I am trying to avro binary encode my JSON String. Below is my JSON String and I have created a simple method which will do the conversion but I am not sure whether the way I am doing is correct or not?

public static void main(String args[]) throws Exception{
try{
    Schema schema = new Parser().parse((TestExample.class.getResourceAsStream("/3233.avsc")));
    String json="{"+
        "  \"location\" : {"+
        "    \"devices\":["+
        "      {"+
        "        \"did\":\"9abd09-439bcd-629a8f\","+
        "        \"dt\":\"browser\","+
        "        \"usl\":{"+
        "          \"pos\":{"+
        "            \"source\":\"GPS\","+
        "            \"lat\":90.0,"+
        "            \"long\":101.0,"+
        "            \"acc\":100"+
        "          },"+
        "          \"addSource\":\"LL\","+
        "          \"add\":["+
        "            {"+
        "              \"val\":\"2123\","+
        "              \"type\" : \"NUM\""+
        "            },"+
        "            {"+
        "              \"val\":\"Harris ST\","+
        "              \"type\" : \"ST\""+
        "            }"+
        "          ],"+
        "          \"ei\":{"+
        "            \"ibm\":true,"+
        "            \"sr\":10,"+
        "            \"ienz\":true,"+
        "            \"enz\":100,"+
        "            \"enr\":10"+
        "          },"+
        "          \"lm\":1390598086120"+
        "        }"+
        "      }"+
        "    ],"+
        "    \"ver\" : \"1.0\""+
        "  }"+
        "}";

    byte[] avroByteArray = fromJsonToAvro(json,schema);

} catch (Exception ex) {
    // log an exception
}

下面方法将我的JSON字符串转换为二进制的Avro EN codeD -

Below method will convert my JSON String to Avro Binary encoded -

private static byte[] fromJsonToAvro(String json, Schema schema) throws Exception {

    InputStream input = new ByteArrayInputStream(json.getBytes());
    DataInputStream din = new DataInputStream(input);   

    Decoder decoder = DecoderFactory.get().jsonDecoder(schema, din);

    DatumReader<Object> reader = new GenericDatumReader<Object>(schema);
    Object datum = reader.read(null, decoder);


    GenericDatumWriter<Object>  w = new GenericDatumWriter<Object>(schema);
    ByteArrayOutputStream outputStream = new ByteArrayOutputStream();

    Encoder e = EncoderFactory.get().binaryEncoder(outputStream, null);

    w.write(datum, e);
    e.flush();

    return outputStream.toByteArray();
}

任何人都可以看看,让我知道我想Avro的二进制的方式是否我的JSON字符串是否正确?

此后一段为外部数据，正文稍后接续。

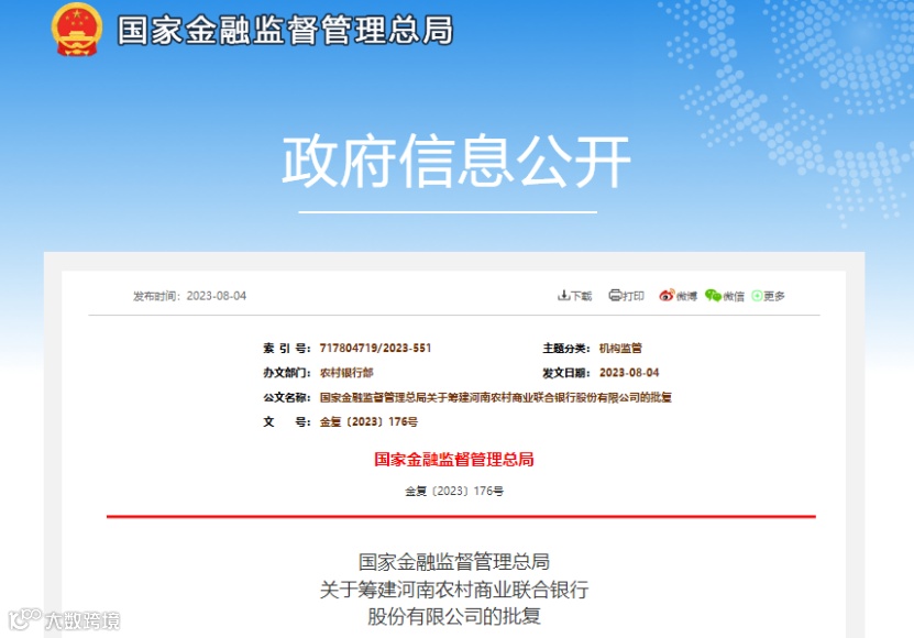 根据金融监管总局作出的批复,该局同意筹建河南农村商业联合银行,要求河南农商联合银行筹建工作小组自批复之日起6个月内完成筹建工作,筹建期间接受河南监管局的监督指导。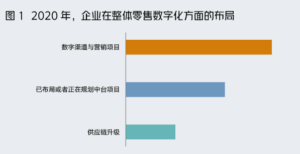 无论是品牌方或零售端,都已意识到零售数字化转型势不可挡。在访谈中,当被问及“2020年在整体零售数字化方面做了哪些布局”时,排在第一的是“数字渠道与营销项目”,如实体店升级云生意、盘活私域运营、升级会员体系等;排在第二的是零售企业已布局或者正在规划中台项目,如数据中台、智能运营中台等(图1)。

Can anyone take a look and let me know whether the way I am trying to avro binary my JSON String is correct or not?

推荐答案

我觉得OP是正确的。这将写的Avro记录自己没有的模式,这将是present,如果这是一个Avro的数据文件。

I think OP is correct. This will write Avro records themselves without the schema that would be present if this were an Avro data file.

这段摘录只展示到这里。